A livello costituzionale Dylan è Tiziano. Al contempo però è un personaggio talmente ricco, sfaccettato, aperto che è in grado di ospitare in maniera convincente anche le visioni di altri autori. Sclavi ha creato il personaggio e gli ha donato le sue caratteristiche fondanti, ma il suo modo di scrivere è e sarà sempre solo suo. Un buon autore deve avere una propria visione del personaggio, e il fatto che inevitabilmente non coincida con quella di Sclavi non la rende necessariamente sbagliata. Pretendere che vengano riproposti all’infinito i cliché stilistici del Dylan delle origini è assurdo. Se lo sforzo degli autori che si sono succeduti a Stan Lee ai testi dell’Uomo Ragno fosse stato quello di scimmiottare l’illustre predecessore invece di cercare una propria via al personaggio, non avremmo avuto lo Spider-Man di Gerry Conway, di Peter David, di J. M. DeMatteis. Come Topolino è riuscito a fare a meno di Walt Disney e Ub Iwerks, e Lucky Luke è sopravvissuto a Morris e Goscinny, lo stesso farà Dylan Dog con Sclavi.
Dylan Dog è stato un fenomeno artistico, editoriale e sociale. Nel suo periodo di maggiore successo è stato protagonista di pubblicità, merchandising, ha generato bizzarri epigoni, è stato ospite di riviste a larga diffusione. Sembrava che tutti leggessero Dylan Dog. Come ci si approccia a un personaggio e a un fenomeno del genere senza esserne schiacciati? Fa paura scrivere Dylan Dog?
Beh, certo la storia editoriale di Dylan Dog un po’ di soggezione la mette. A metà anni Novanta la testata vendeva circa 600.000 copie e riceveva una decina di lettere al giorno dai lettori, quindi quasi 300 al mese, con un redattore fisso che passava le giornate a rispondere a tutte. Un qualcosa di impensabile, oggi. Chi non ha vissuto quel periodo glorioso non può capire cos’è stato Dylan Dog per la cosiddetta Generazione X. Però parlare di paura è troppo. Se davvero ne avessimo, faremmo meglio a cambiare lavoro. Dylan è un personaggio che funziona solo se chi lo scrive si diverte, si lascia andare, prova, sperimenta, osa. Non lo si può scrivere con il freno a mano tirato, senza una vera urgenza narrativa. Dylan Dog è in assoluto la testata Bonelli che non si può scrivere solo di mestiere, con furbizia, facendo il compitino, perché il lettore è particolarmente esigente e ti becca subito. Ecco, più che il passato editoriale è la severità del lettore di Dylan Dog a creare un po’ di pressione psicologica. Ma come insegnava un vecchio amico rosso e blu, da grandi poteri derivano grandi responsabilità.
Qual è l’idea centrale del “tuo” Dylan Dog e cosa lo rende immediatamente riconoscibile e unico?
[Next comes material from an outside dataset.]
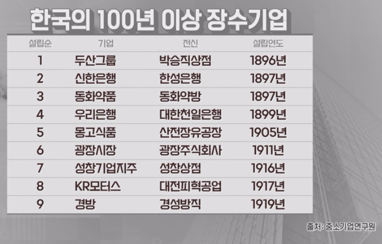 위의 사진이 바로 한국에서 100년 이상 된 명문장수기업 리스트입니다. 9곳 있습니다. 한국은 다른 선진국들에 비해 100년 이상 된 명문장수기업이 많이 없는 편입니다. 그 이유는 다른 나라는 산업혁명 때부터 이어져 오는 기업들도 많은 반면 우리나라는 1970년대 이후나 되어서야 산업화가 되었기 때문에 년수가 별로 안 돼 명문장수기업이 별로 없는 것입니다. 그만큼 우리나라가 고속 성장을 했다는 것을 보여주는 것이기도 합니다.

Sei entrato nel team di sceneggiatori della serie diversi anni fa. Come è cambiato da allora a oggi il tuo approccio e la tua interpretazione del personaggio e delle tue storie? Come è maturato il tuo modo di scrivere Dylan Dog e farlo come ti ha influenzato negli altri tuoi lavori?

Hai narrato in alcune interviste che le tue prime sceneggiature rimasero a lungo nei cassetti di via Buonarroti, prima che la tua storia vedesse finalmente la luce. Che cosa ti ha insegnato questa lunga gavetta?
Che se non credi in quello che stai scrivendo non ci crederà nemmeno il lettore quando l’albo uscirà. Che per sceneggiare occorre un’attenta regia e che non basta piazzare un primo piano lì e un piano d’insieme là per fare storytelling. Che puntando solo sullo stile e sulle atmosfere senza avere sotto una storia ben strutturata non vai da nessuna parte. Che i dialoghi lunghi o ingessati rompono le palle al lettore. Che se per spiegare una scena sei costretto a ricorrere ai balloon di pensiero non è una buona scena. Che puoi scrivere la storia più bella del mondo ma senza un buon disegnatore nessuno dirà mai che è la storia più bella del mondo.
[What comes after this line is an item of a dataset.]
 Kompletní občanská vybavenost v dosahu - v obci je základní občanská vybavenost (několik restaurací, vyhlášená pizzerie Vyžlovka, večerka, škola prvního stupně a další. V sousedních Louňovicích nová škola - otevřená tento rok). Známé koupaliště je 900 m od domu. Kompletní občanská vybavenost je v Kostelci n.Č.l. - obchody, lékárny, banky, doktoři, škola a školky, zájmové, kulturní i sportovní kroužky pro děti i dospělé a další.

C’è qualcosa che cambieresti in Dylan Dog e qualcosa a cui non rinunceresti mai?
Dylan ha quell’equilibrio miracoloso che hanno i personaggi perfetti. Se a Sherlock Holmes togliessimo la pipa e mettessimo il sigaro perderebbe qualcosa. Come i film perfetti sono perfetti in tutto, ogni singola inquadratura, ogni singolo taglio di montaggio, ogni scelta di luce, ogni comparsa che passa per pochi secondi sullo sfondo, così è per il personaggio di Sclavi. È questo che l’ha reso unico, universale, immortale. Un elemento dylaniato a cui proprio non rinuncerei mai? L’ironia. Dylan senza l’ironia è come Druuna senza le tette.
Che ruolo ha avuto Dylan Dog nella tua vita?
È stato il fratello maggiore, negli anni diventato fratello minore. È stato l’esempio da seguire, un modello di stile e di etica. L’altrove mentale in cui rifugiarsi di fronte all’orrore, alla noia, alla banalità della vita quotidiana. Dylan è poesia. Tutto quello che ho imparato della vita, del senso profondo delle cose lo devo a lui.
Dylan è sempre stato un personaggio con una forte aderenza al sociale, le sue storie spesso si sono fatte carico di messaggi sui diritti, l’uguaglianza, la pace, il rispetto per gli animali… Questo pone l’attenzione sul tema della responsabilità dell’autore nei confronti delle sue opere. Cosa significa per te questo tema, in particolare per Dylan Dog?

Rendere l’orrore è difficile. La paura, l’irrazionale. Ci sono tante sfumature del genere in Dylan, commistioni. Lo stesso genere è cambiato molto dagli anni ’90 a oggi. Cosa significa scrivere un fumetto horror oggi? Come evolve Dylan Dog in questo?
L’orrore è in assoluto il genere narrativo che più ha patito il trascorrere degli anni. Lo storico, il fantasy, il western, la fantascienza sono generi congelati in una bolla fuori del tempo, l’horror invece è contemporaneo e deve misurarsi con i cambiamenti della società. Deve quindi fare i conti con il cinismo, l’assuefazione, l’inaridimento del mondo contemporaneo. Se al telegiornale passano servizi su donne bruciate con l’acido o poveracci arsi vivi davanti alle telecamere, che cosa può ancora inventarsi uno sceneggiatore di storie dell’orrore? Da questa difficoltà è nato il torture porno, un sottogenere che odio, perché inflattivo e ricattatorio nei confronti dello spettatore. Dylan sta patendo in prima persona le difficoltà del genere horror, ma la risposta non può essere (anche per banali motivi editoriali) spingere il pedale sulle efferatezze. Ancora oggi l’orrore continua ad annidarsi dentro di noi e lì dobbiamo cercarlo. Spostare la ricerca all’esterno significa perdere la battaglia con le nostre paure e con il personaggio che stiamo scrivendo.
Intervista condotta via mail nel mese di settembre 2016.